(DATASET EXCERPT)
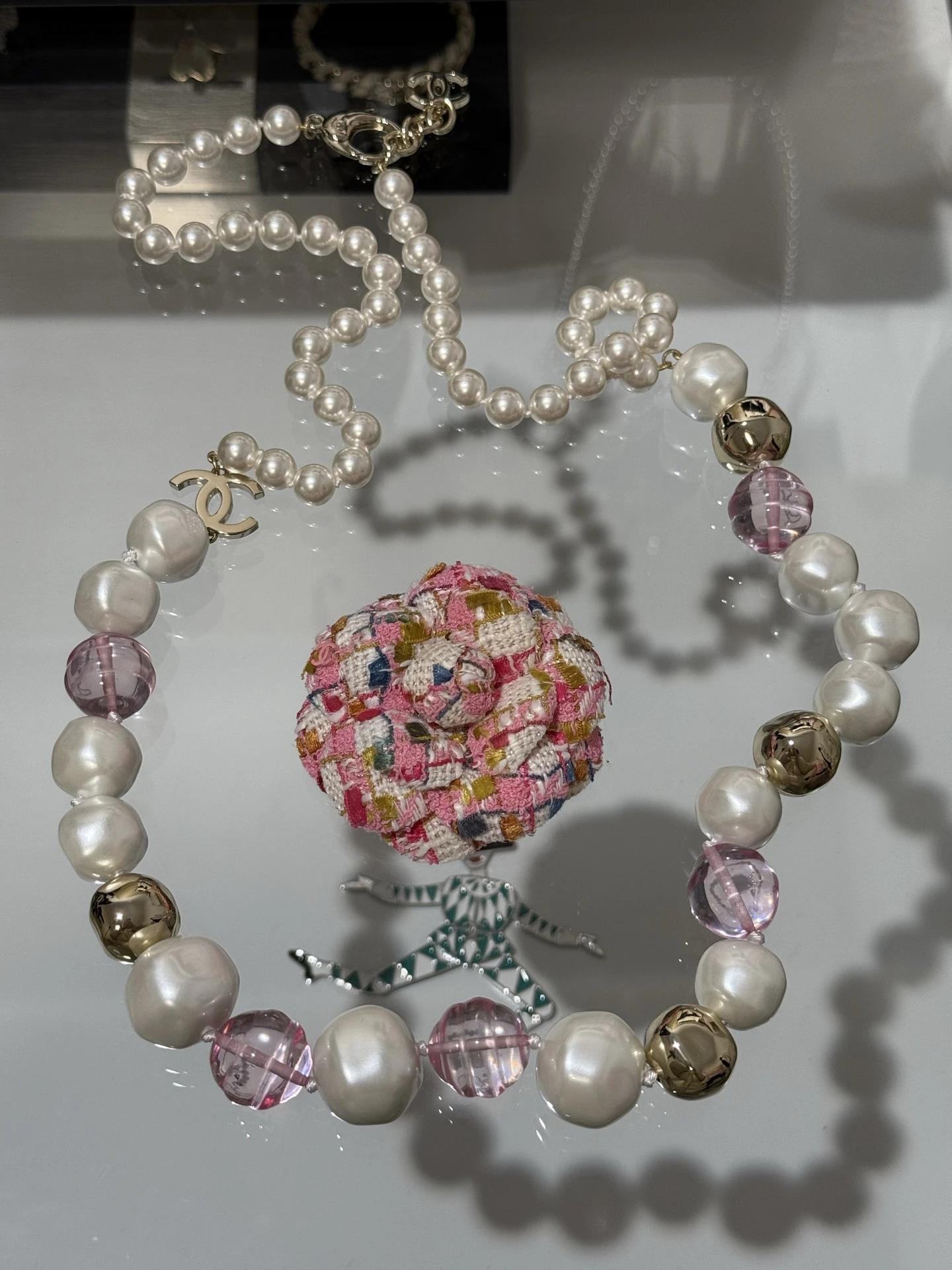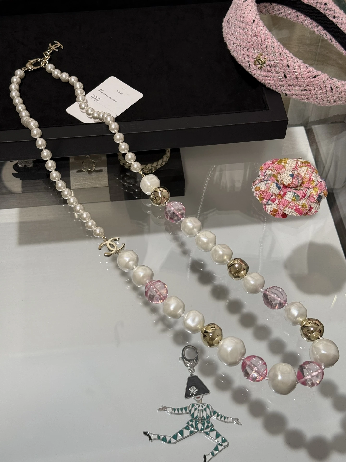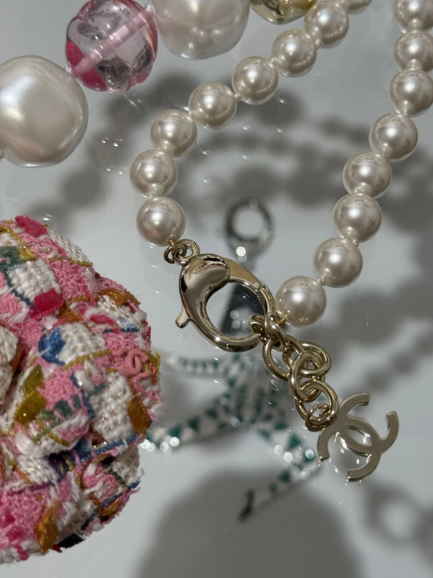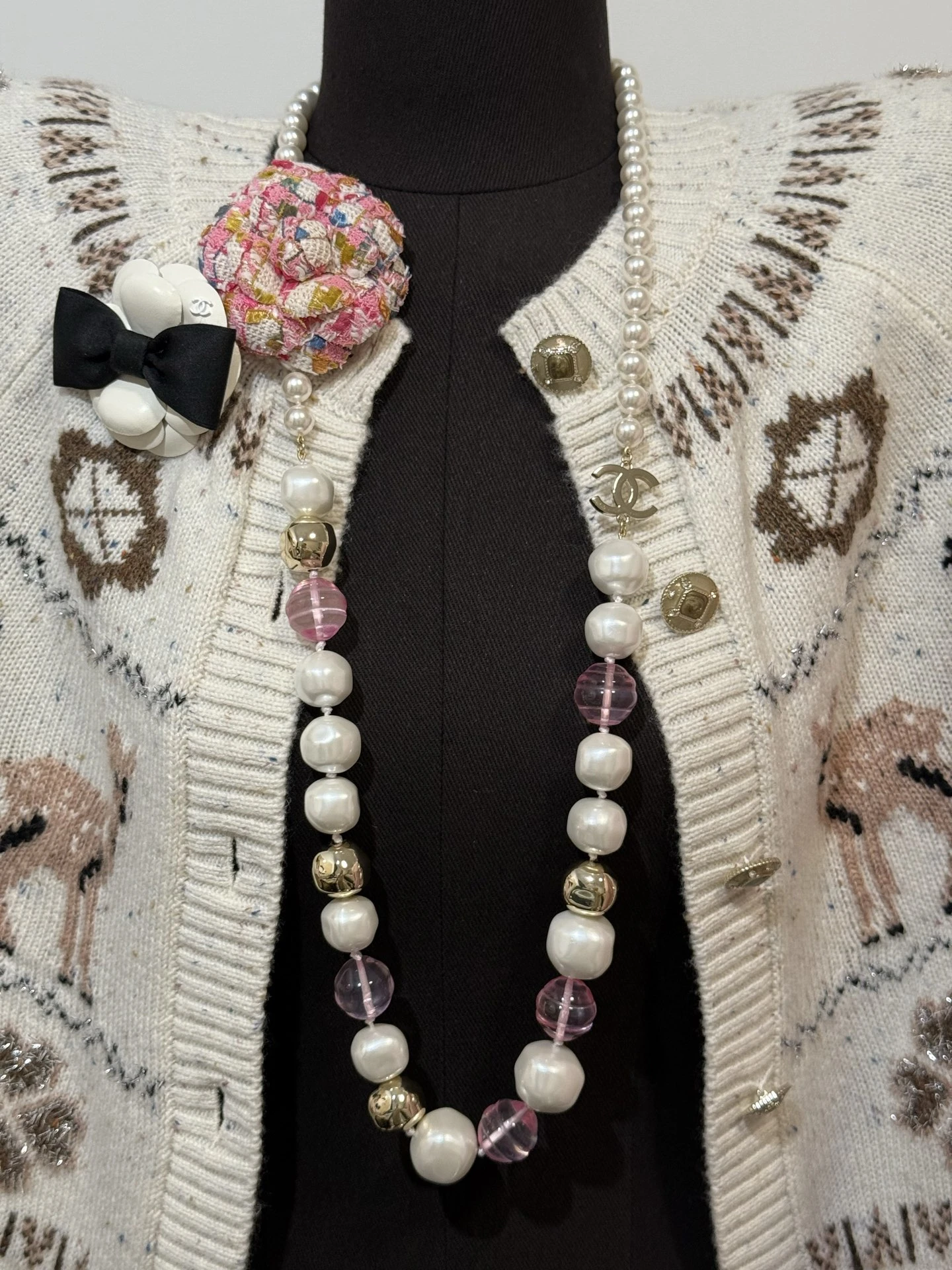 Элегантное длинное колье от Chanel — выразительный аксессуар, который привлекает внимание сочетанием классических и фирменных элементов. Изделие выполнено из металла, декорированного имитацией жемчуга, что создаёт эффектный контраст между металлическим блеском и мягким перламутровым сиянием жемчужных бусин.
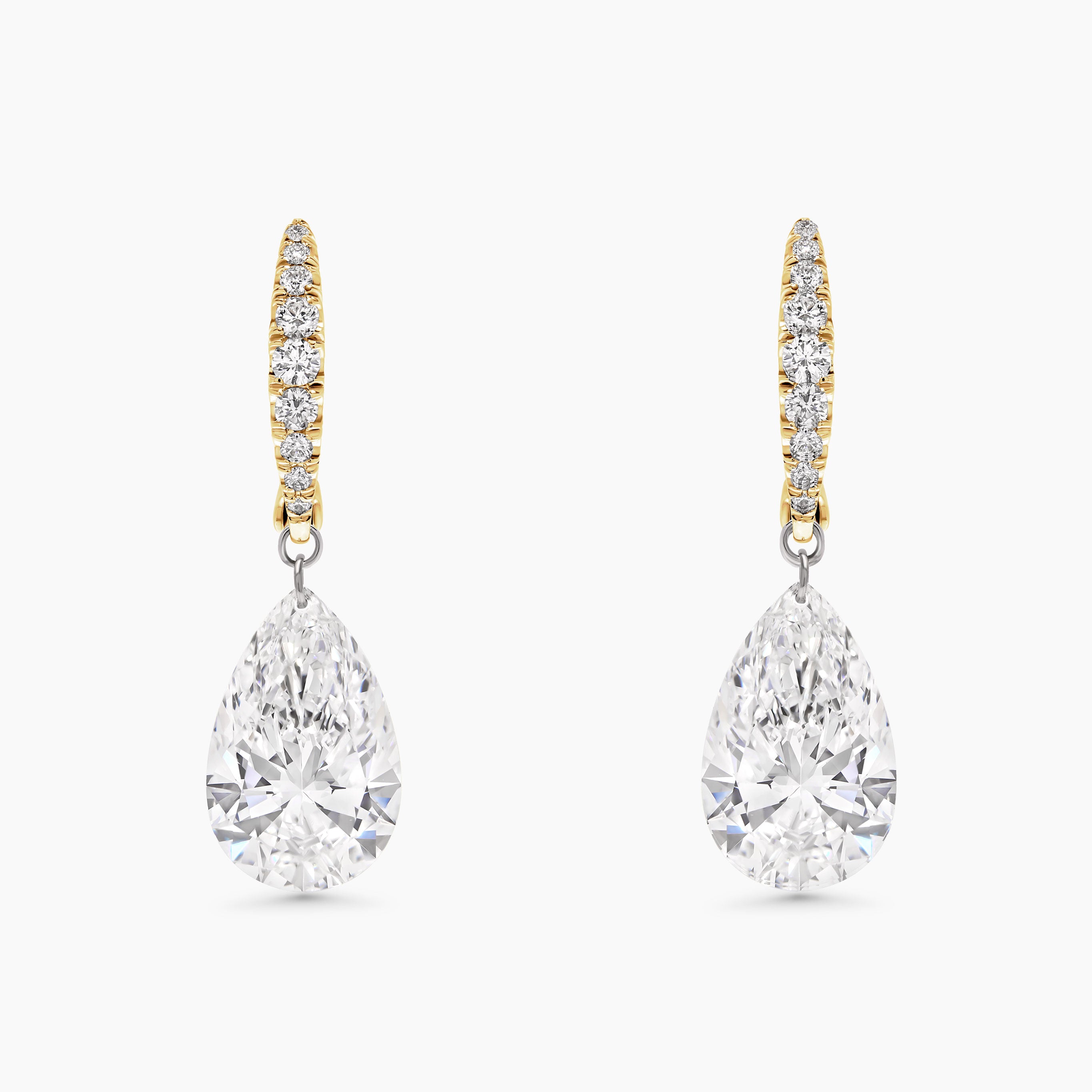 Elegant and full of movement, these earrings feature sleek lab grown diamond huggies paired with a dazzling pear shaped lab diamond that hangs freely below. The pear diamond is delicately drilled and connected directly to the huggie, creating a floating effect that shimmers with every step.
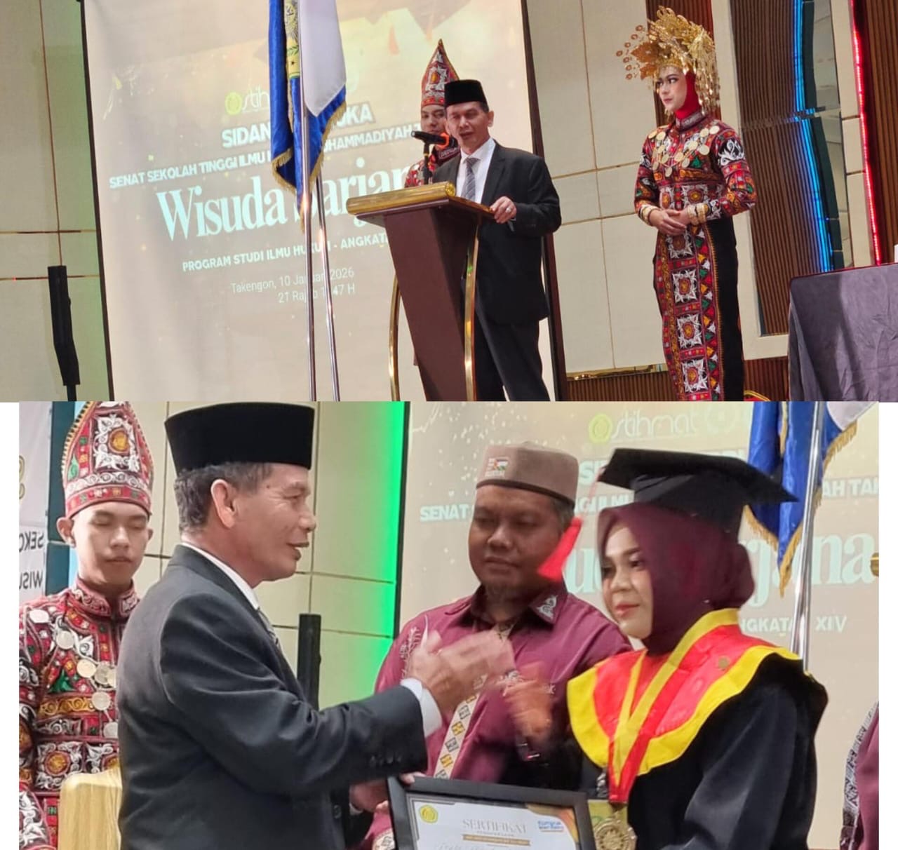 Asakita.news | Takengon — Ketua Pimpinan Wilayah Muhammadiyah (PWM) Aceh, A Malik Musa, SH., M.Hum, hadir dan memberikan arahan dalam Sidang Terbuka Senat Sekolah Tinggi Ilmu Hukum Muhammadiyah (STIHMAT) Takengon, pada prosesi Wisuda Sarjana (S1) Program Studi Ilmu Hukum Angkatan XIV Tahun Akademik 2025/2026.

(WHAT THE EXERCISE ASKS)
Reproduce the listing word for word and omit its pictures.

(RESPONSE TO THIS TASK)
 Элегантное длинное колье от Chanel — выразительный аксессуар, который привлекает внимание сочетанием классических и фирменных элементов. Изделие выполнено из металла, декорированного имитацией жемчуга, что создаёт эффектный контраст между металлическим блеском и мягким перламутровым сиянием жемчужных бусин.
 Elegant and full of movement, these earrings feature sleek lab grown diamond huggies paired with a dazzling pear shaped lab diamond that hangs freely below. The pear diamond is delicately drilled and connected directly to the huggie, creating a floating effect that shimmers with every step.
 Asakita.news | Takengon — Ketua Pimpinan Wilayah Muhammadiyah (PWM) Aceh, A Malik Musa, SH., M.Hum, hadir dan memberikan arahan dalam Sidang Terbuka Senat Sekolah Tinggi Ilmu Hukum Muhammadiyah (STIHMAT) Takengon, pada prosesi Wisuda Sarjana (S1) Program Studi Ilmu Hukum Angkatan XIV Tahun Akademik 2025/2026.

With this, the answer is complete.